Sunday, January 29, 2006

From HQ

It is a banner day here at B-ristica Internationale: surely there must be some mistake, some glitch in the numbers which has caused the "profile views" section to jump into the seventies. No matter, we are breaking out the champagne anyway, throwing a veritable party, to invoke the song. Because, realize: that is not even the official tally of who has visited or demonstrated some interest, which is way higher. Amazing.

In any case, as promised, we here at B-ristica Internationale will settle for bringing you no less than the absolute best–or worst, as the case may be. It was a mundane weekend. The most mundane of mundane weekends, really. That’s the way we kick it, sometimes. You hang out with people who have colds, you get sick. That’s how it goes. And besides, was I not looking out the window this morning and thinking profound thoughts. A contemplative look, you might imagine. Stroking my chin. This is life, I said to myself. It is comprised of these moments, drizzle coming down. Sure, you go to a party once in a while, work it out. But really, those are just things you tell people about later, which is totally different from actual living. Never mind, though. Forget I just said that. I see you giving me weird looks, B.; yeah, I’m looking at you. I never should have taken that philosophy class in college. One book into the semester and years of indoctrination and social training are thrown out the window.

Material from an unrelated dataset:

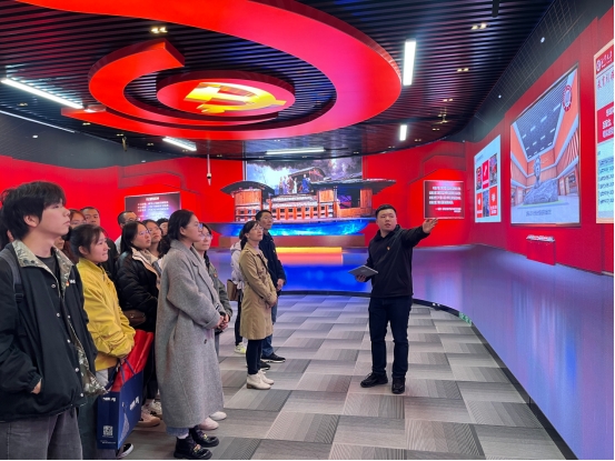 11月14日下午,管理学院党委副书记谭超带领党员教师、学院学生各党支部党员代表20余人赴湘潭大学马克思主义学院全国首批“大思政课”实践教学基地360度“四史”虚拟仿真实验室参观学习,沉浸式体验“潮”起来、“活”起来的党史课堂,全方位体味党史所蕴含的真理味道。

Getting a little heavy there. Sorry. The rest of the weekend was spent in the gluttonous fashion of putting as many albums onto the Ipod as humanly possible in a day. Something akin to the chubby kid in a Ponderosa Steakhouse, with no parental supervision and full-on access to the salad bar. That pretty much typifies my relationship with music. Yeah, I’ll probably never listen to this Dinosaur Jr. import I just found under the bed, but fuck it because there’s pretty much room there for whatever. The attendants come over and I have ice-cream all over my face. "What?" I yell from behind the headphones. "I can’t hear you." That’s pretty much apropos, though, because remember: we are having a party.